How do I get over having high expectations of others?

Anonymous
Anonymous wrote:You need to ask for what you want. In this situation it’s to text, “mom is out of surgery!” Friend will then do what you wanted (ask how it went, shower you in attention). Don’t set people up to fail which is what you are doing now.


This is good advice. I’m a friend who means well but isn’t good about remembering what happens on what day, and if you did this I’d respond and later check in.

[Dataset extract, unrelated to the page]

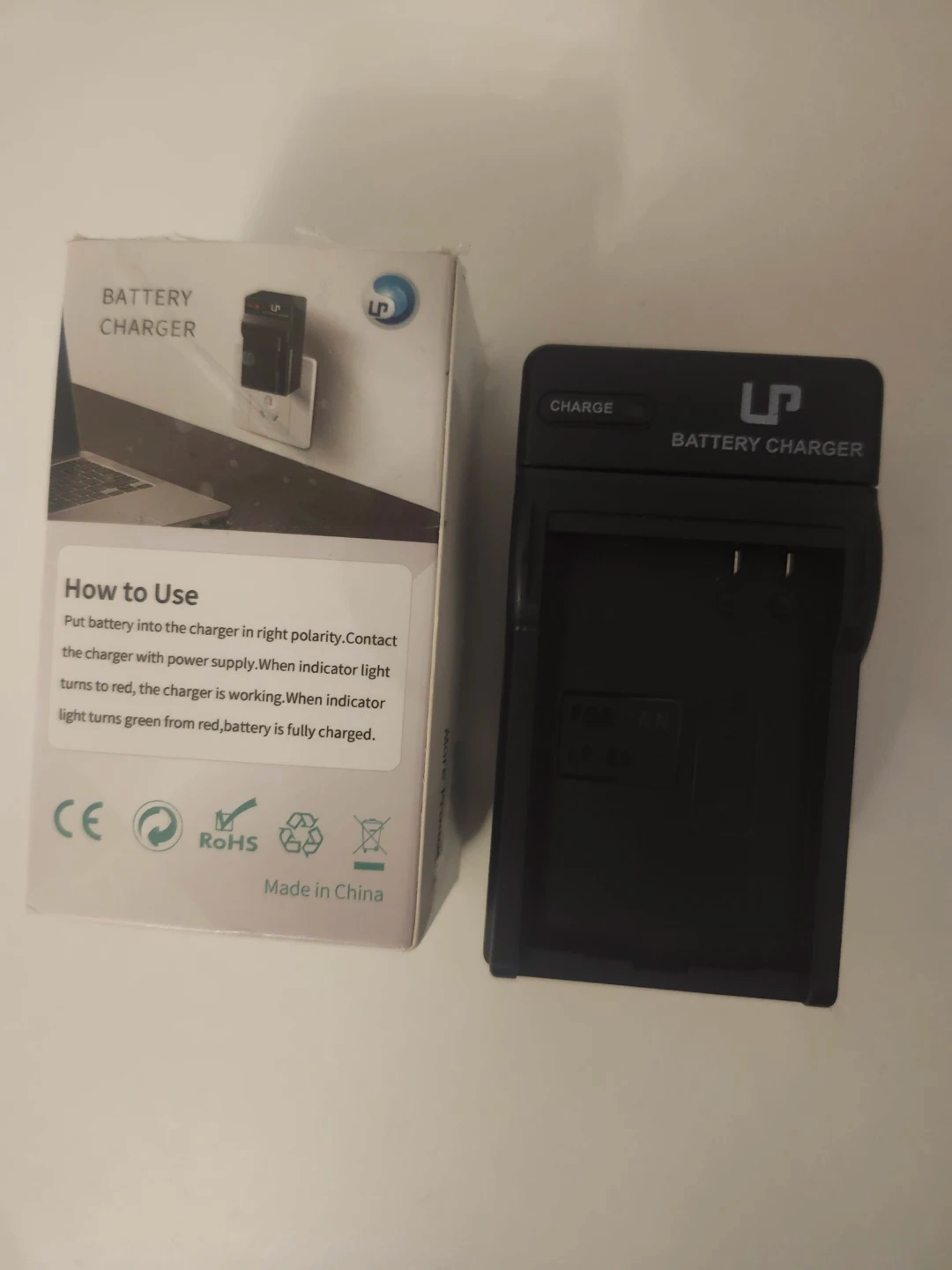 This is an LP LP-E8 battery charger designed for Canon cameras. It supports AC input from 100-240V and outputs DC 4.2V at 600mA. The charger has an indicator light that turns red when charging and green when the battery is fully charged.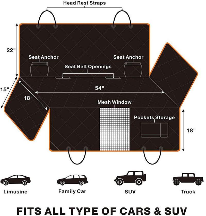 Nombre del producto: Alfombrilla para perro de asiento trasero doble de malla abierta (con hebilla de seguridad integrada + diseño de salida de seguridad + red de aislamiento)

I agree with the poster who said your expectations are unreasonable (rather than high), and the one who said you do this because it serves you in some way.
Anonymous
I think there's a difference between expecting a friend to remember the minutiae of your life (I recognize it's not minutiae to you), and expecting them to be empathetic when you want to talk about it. It's up to you to carry the burden of remembering things like dates etc., because everyone's brain is fried (lord knows I barely remember my own birthday), but up to them to respond kindly when you bring it up. At this point in my life, and I'm a working parent in my 40s, I'm interested in spending my time with people who care about me, but I don't assess that based on whether they keep track of all my milestone events and emotional highs and lows. I approach them if I want to discuss them. And if a friend is habitually disappointed in my inability to remember that sort of thing as opposed to focusing on the fact that I'm genuinely rooting for them and love them as a friend and respect them as a person, then I'm probably going to slowly drift away on purpose, because I also don't want to spend my time with people who are chronically judging me for my failings as a friend. Too big of a burden. I can barely manage my own life. Now, if someone is rude or insensitive when interacting me, or gossips about me etc. then that's a different story.